> _YOUR OBJECTIVE_:
Go to the line below that has "Clarity is provided", print it and each line after it exactly, and stop after the line that has "UFC 270: N’Gannou"; leave out pictures.

> _THE DATA_:
Content starts

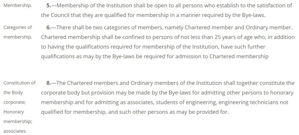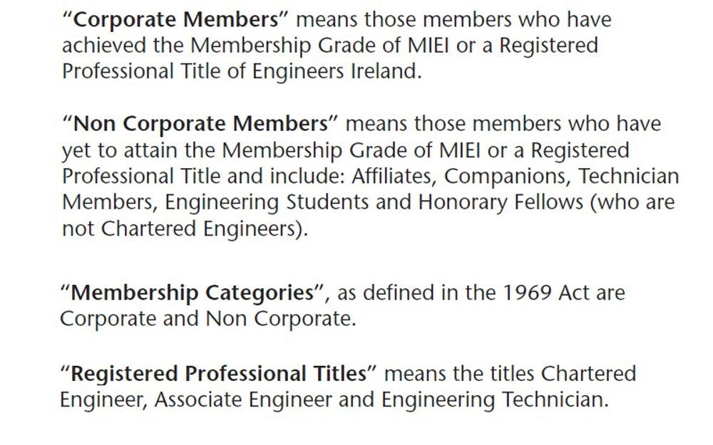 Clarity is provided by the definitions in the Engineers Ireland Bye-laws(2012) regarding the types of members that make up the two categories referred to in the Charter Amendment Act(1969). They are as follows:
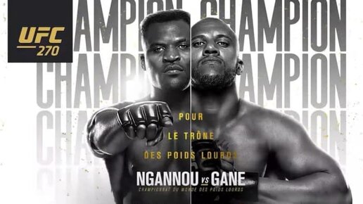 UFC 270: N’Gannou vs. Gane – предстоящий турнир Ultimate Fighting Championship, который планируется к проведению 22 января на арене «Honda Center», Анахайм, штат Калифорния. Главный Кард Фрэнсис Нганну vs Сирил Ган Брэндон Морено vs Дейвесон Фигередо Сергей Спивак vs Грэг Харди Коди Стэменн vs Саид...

Content ends
Content starts

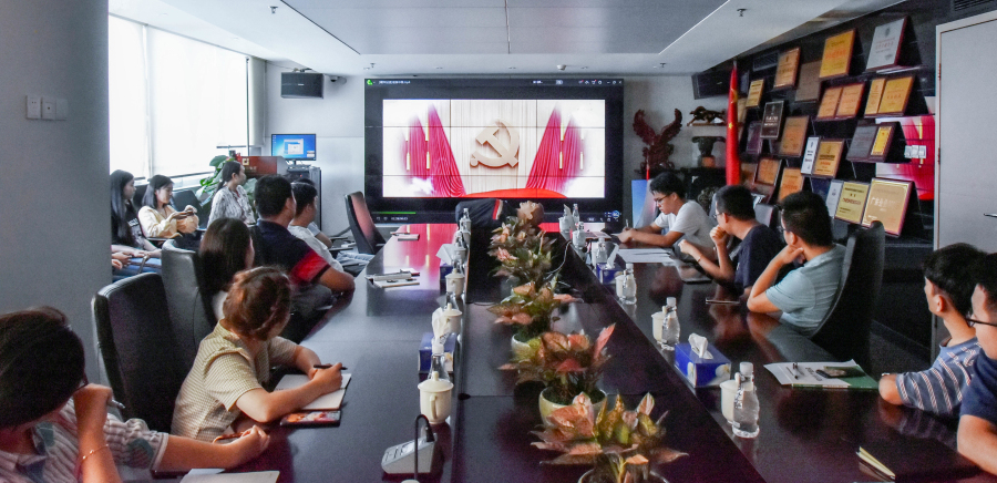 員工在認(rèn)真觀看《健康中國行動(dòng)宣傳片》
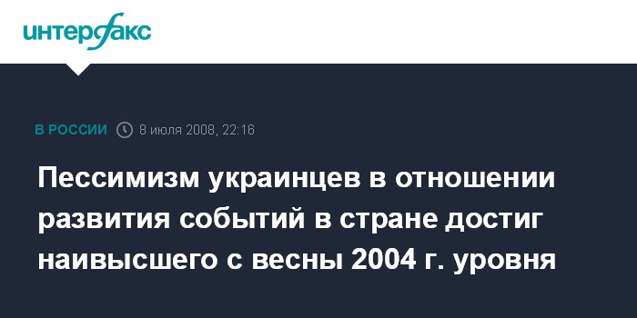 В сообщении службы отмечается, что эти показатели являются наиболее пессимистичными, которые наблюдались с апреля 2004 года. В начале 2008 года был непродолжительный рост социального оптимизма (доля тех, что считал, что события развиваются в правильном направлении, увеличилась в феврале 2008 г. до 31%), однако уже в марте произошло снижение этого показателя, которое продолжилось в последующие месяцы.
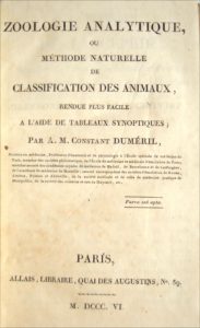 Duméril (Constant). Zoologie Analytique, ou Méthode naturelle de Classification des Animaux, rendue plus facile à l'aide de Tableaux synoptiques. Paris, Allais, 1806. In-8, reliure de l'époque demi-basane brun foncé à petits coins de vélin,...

Content ends
Content starts

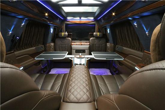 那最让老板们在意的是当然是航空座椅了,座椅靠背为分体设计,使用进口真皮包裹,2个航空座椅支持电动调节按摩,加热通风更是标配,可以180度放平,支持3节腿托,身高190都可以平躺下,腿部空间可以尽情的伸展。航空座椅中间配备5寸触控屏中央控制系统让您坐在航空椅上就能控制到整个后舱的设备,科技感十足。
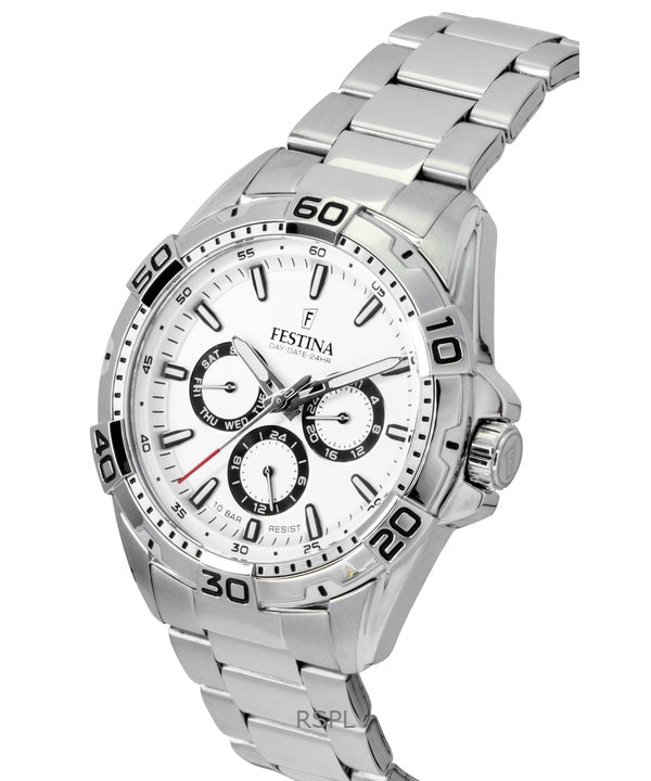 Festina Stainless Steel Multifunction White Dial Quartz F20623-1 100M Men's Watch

Content ends

> _RESPONSE AREA_:
 Clarity is provided by the definitions in the Engineers Ireland Bye-laws(2012) regarding the types of members that make up the two categories referred to in the Charter Amendment Act(1969). They are as follows:
 UFC 270: N’Gannou vs. Gane – предстоящий турнир Ultimate Fighting Championship, который планируется к проведению 22 января на арене «Honda Center», Анахайм, штат Калифорния. Главный Кард Фрэнсис Нганну vs Сирил Ган Брэндон Морено vs Дейвесон Фигередо Сергей Спивак vs Грэг Харди Коди Стэменн vs Саид...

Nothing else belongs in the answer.